そうすると、本件事故と相当因果関係にある原告の損害は金三九五万八六七三円となるところ、すでに五〇万円の支払を受けたことは原告の自認するところであるので、これを前記賠償分金三九五万八六七三円より控除した金三四五万八六七三円が原告において被告らに連帯して支払を求めうる金員である。

四  (弁護士費用)

以上のとおり、原告は金三四五万八六七三円の損害金の連帯しての支払を被告らに求めうるところ、弁論の全趣旨によれば、被告らはその任意の支払をなさなかつたので、原告はやむなく弁護士である原告訴訟代理人にその取立を委任し、弁護士会所定の報酬の範囲内で手数料と成功報酬を支払う旨約定していることが認められ、右認定に反する証拠はない。

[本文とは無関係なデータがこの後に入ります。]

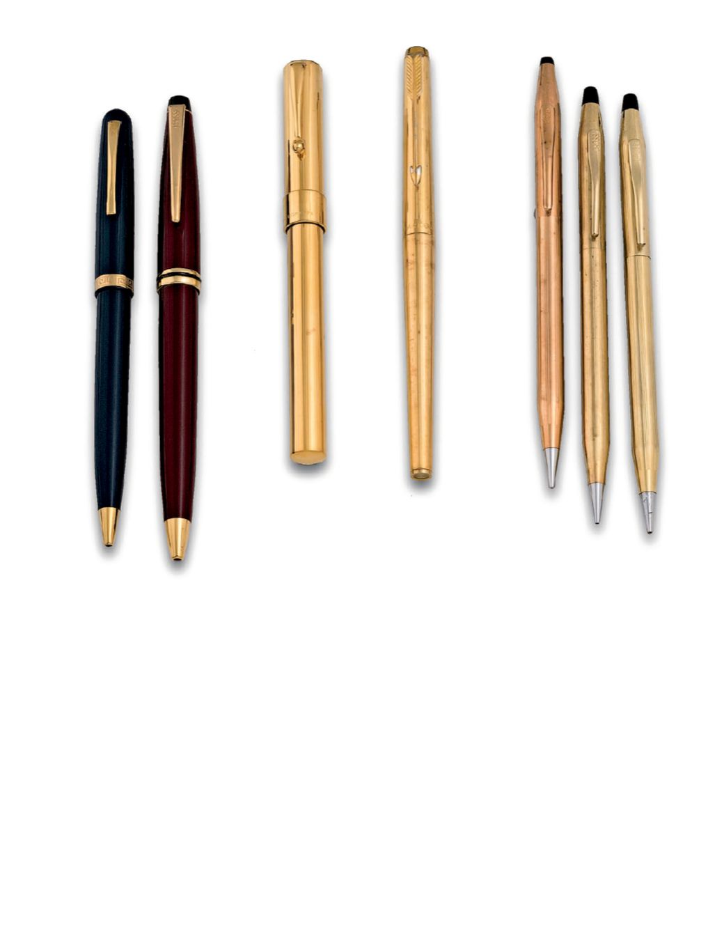 Lote compuesto por pareja de bolígrafos, marca Omas y Cross, motivos chapados, cupuchón y cuerpo en celuloide.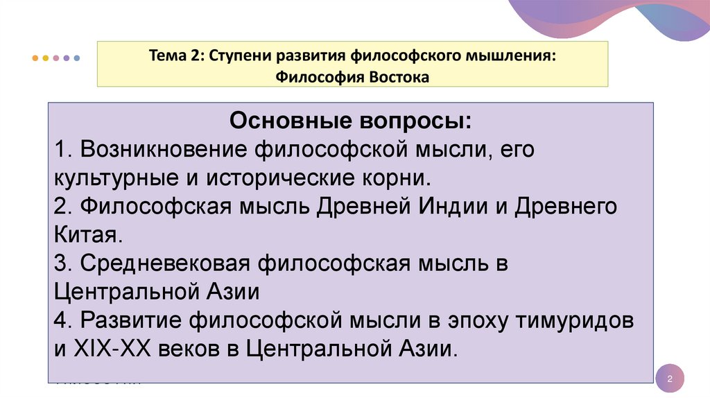 Тема 2: Ступени развития философского мышления:Философия Востока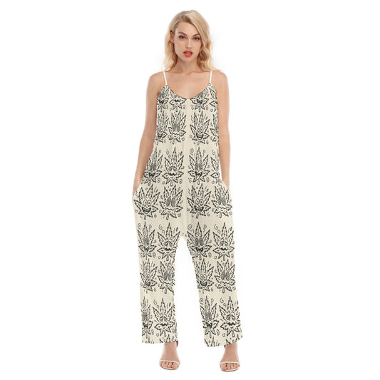 KGD Doodle Art Collection | All-Over Print Women's Loose Cami Jumpsuit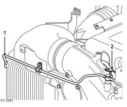 2 将volvo柴油发动机增压空气冷却器至膨胀箱之间的管路(1)。拆下增压空气管上的橡胶软管夹(2)。
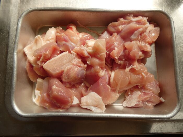 鶏もも肉は一口大に切ります。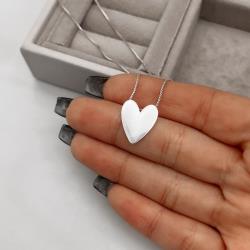 Colar coração longo passante 15mm 45cm | Mya Prata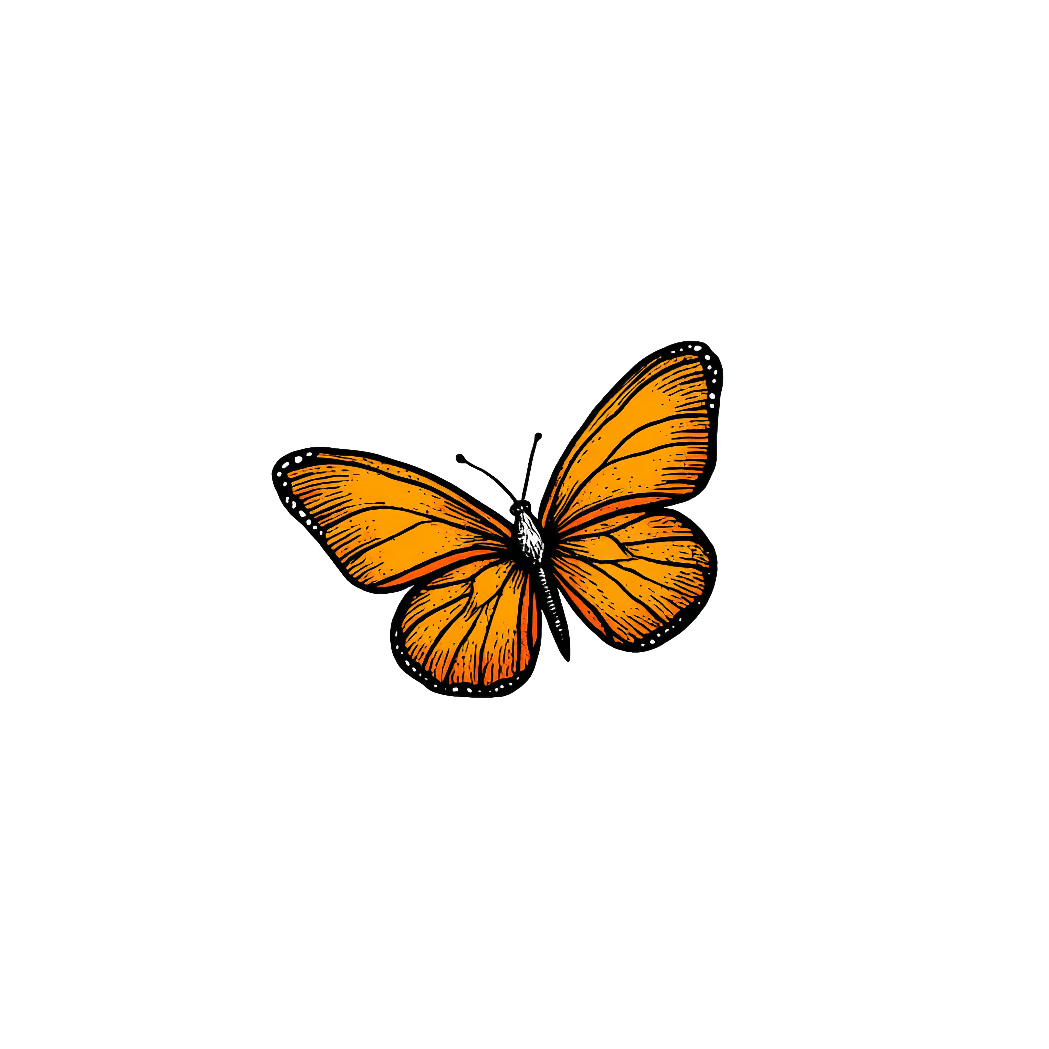 This clipart shows an orange butterfly with detailed wing patterns. The butterfly is depicted with black and white accentuations along its wings, giving it a striking appearance. The illustration is clear and highlights the symmetrical beauty of the butterfly's design. It can be used for various educational or decorative purposes, focusing on insect life.
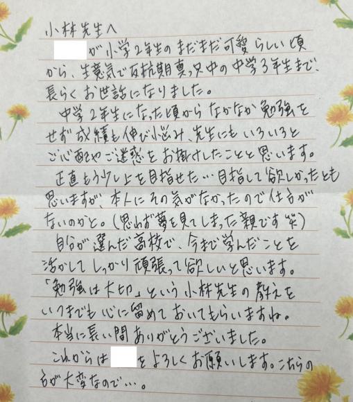 中学2年生になった頃からなかなか勉強をせず成績も伸び悩み、先生にもいろいろとご心配やご迷惑をお掛けしたことと思います。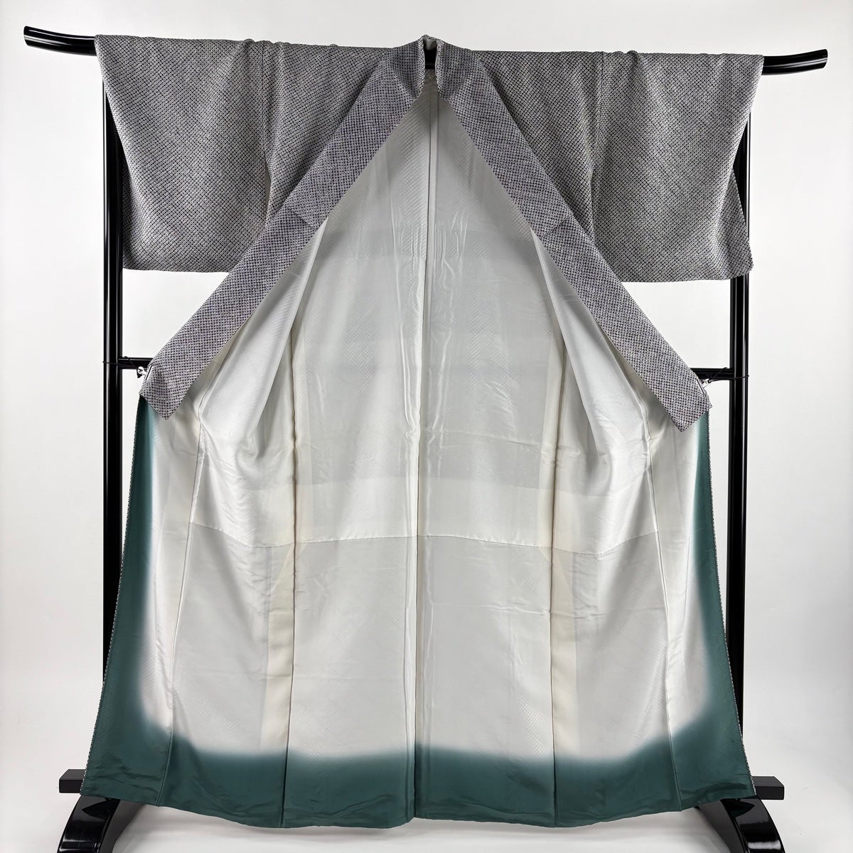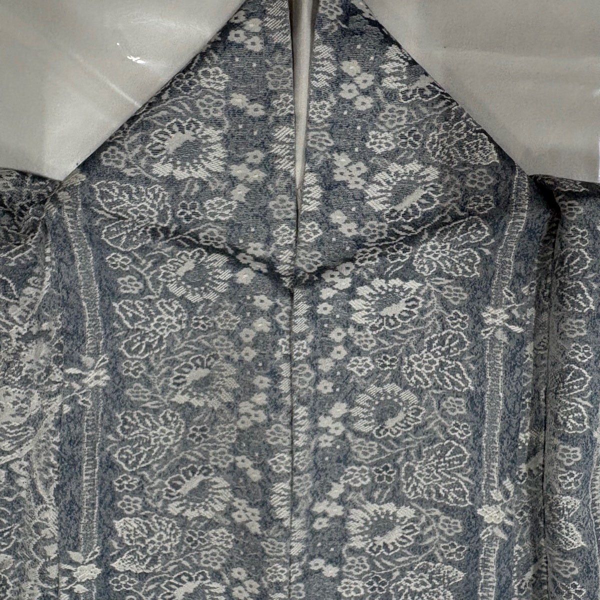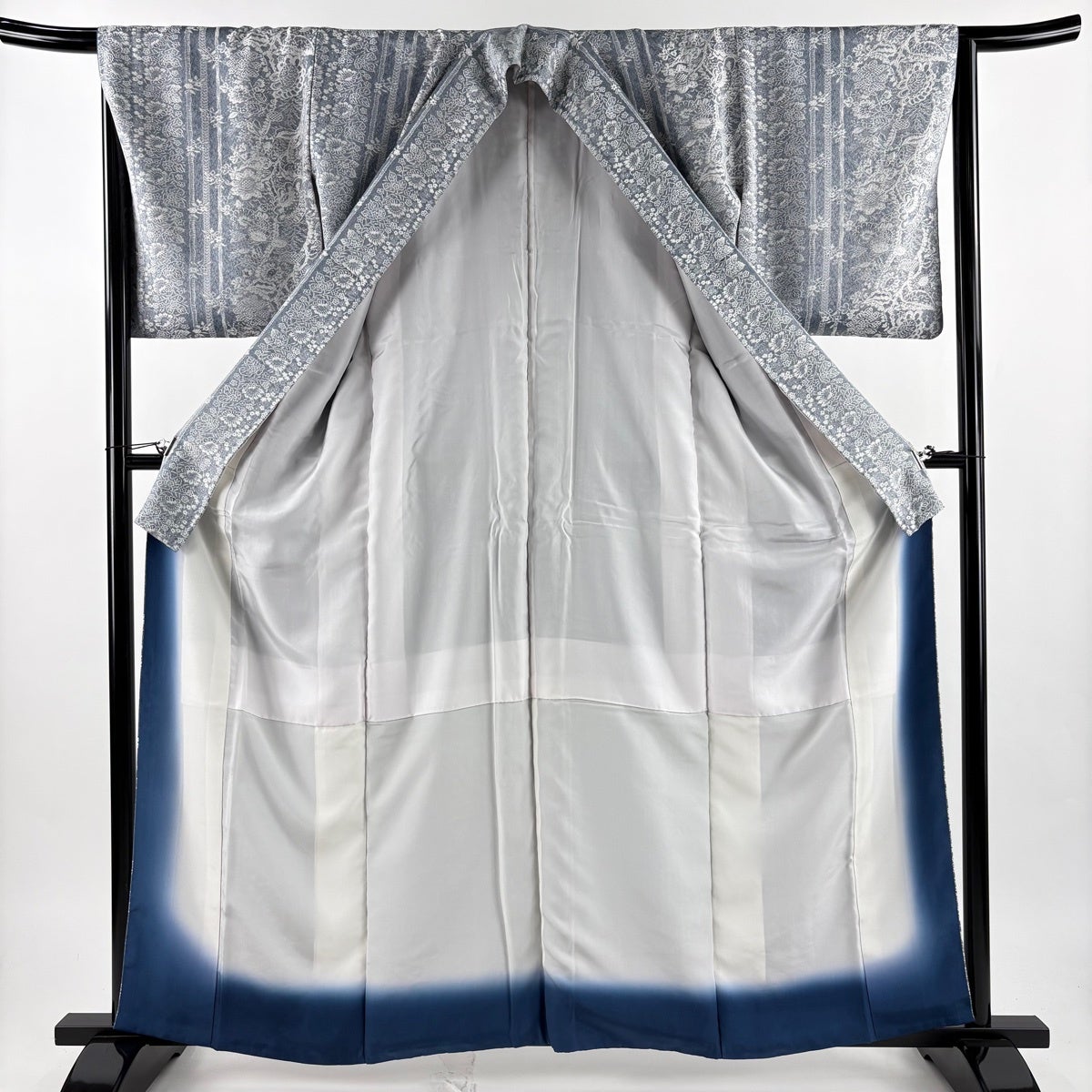 【美品】 小紋 身丈168cm 裄丈68cm L 袷 霞 ぼかし 青灰色 正絹 秀品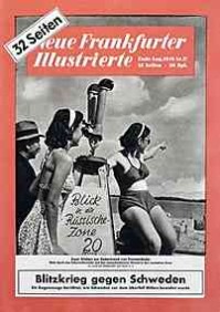 NEUE ILLUSTRIERTE - Titel: "Liebe kennt keine Grenzen! - ...und dann hob er sie über den Schlagbaum, als sie ihr "Ja" gesagt hatte. Sie war damit Deutsche geworden und durfte zu ihm hinüber. Er kam aus Hamburg, sie aus Innsbruck. Drüben liegt die französische Zone Ösrerreichs, vor dem Schlagbaum die amerikanische Zone Deutschlands. Das sind in der Tat verwirrende Zustände. Aber die Liebe kennt keine "Grenzen"."    Neue Frankfurter Illustrierte - Titel: "Zwei Welten am Badestrand von Travemünde: Blick durch das Scherenfernrohr auf den menschenleeren Strand in der russischen Zone" - Weitere Themen z.B.: "Aus dem Leben von "Mary" und "Elizabeth", den beiden größten Passagierschiffen der Erde", "Die Persönlichkeit im Säugling"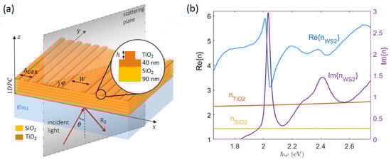 (a) Sketch of the patterned 1DPC in the conical diffraction mounting. The topographic modulation is oriented along the x-direction. Light is incident from the glass substrate at an angle of incidence; (b) refractive index dispersion of the materials considered in this work.

しかし本件事案の内容、審理の経過、認容額に照らすと、原告が被告らに負担を求めうる弁護士費用相当分は、六〇万円であつて、これをこえる部分迄被告らに負担を求めることはできない。

五  (結論)

そうすると、原告は金四〇五万八六七三円およびこれより六〇万円を控除した内金三四五万八六七三円に対する事故発生の日である昭和四五年三月三〇日より支払済み迄年五分の割合による民法所定遅延損害金の連帯しての支払を求めうるので、原告の本訴各請求を右限度で認容し、その余は理由なく失当として棄却することとし、訴訟費用の負担について民訴法八九条を、仮執行の宣言について同法一九六条を適用し、主文のとおり判決する。